Brefeldin A inhibits proteins that activate ADP- ribosylation factors, the so-called Arf. ER are organized by small GTP - G proteins loaded ARF family protein complexes called coats. The Coats help you select the necessary transport molecules and act as a scaffold, are pinched off at the vesicle. On the way from the ER to the Golgi towards such vesicles are only cut off from the ER and then incorporated into the Golgi ( anterograde transport or maturation cistern ); be reversed in the same way, proteins in vesicles for reuse from the Golgi back to the ER funneled ( retrograde transport ). The formation of such vesicles depends on the COP -I on storage by Arf1 -GTP from. Brefeldin A inhibition of Arf1 triggers the COP -I vesicles, can collapse the Golgi and stores the affected proteins back into the ER.

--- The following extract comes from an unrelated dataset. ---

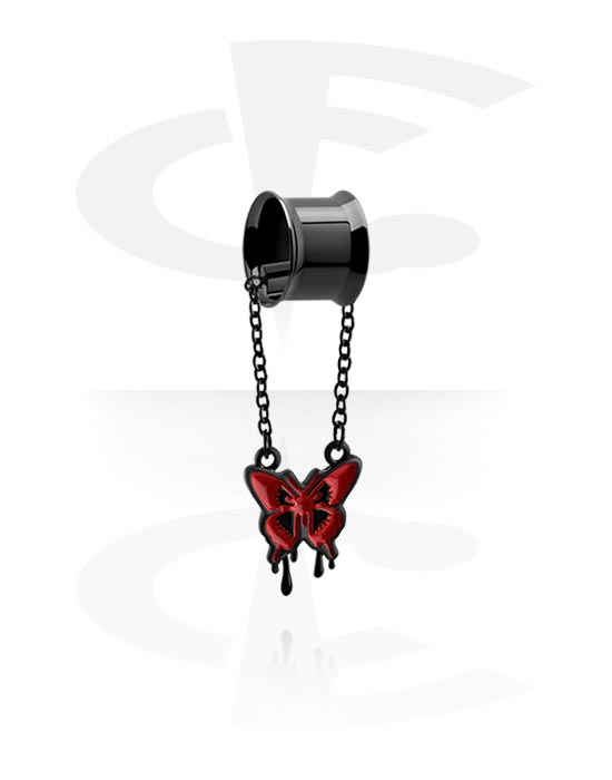 Dobbeltformet tunnel (kirurgisk stål, svart, skinnende finish) med sommerfuglcharm

By GTP -cleaving GTPase active Arf1 -GTP is converted to the inactive Arf1 -GDP. Arf1 - GPD in turn exchanges mediated by GDP- Sec7 - GTP exchange factors, GDP for GTP from again. Brefeldin A blocks the GDP- GTP exchange by the Arf1 - GPD: Sec7 complex stabilized and thus inactivated. This was the first example that a toxin begins a protein in a trap, eliminating its function.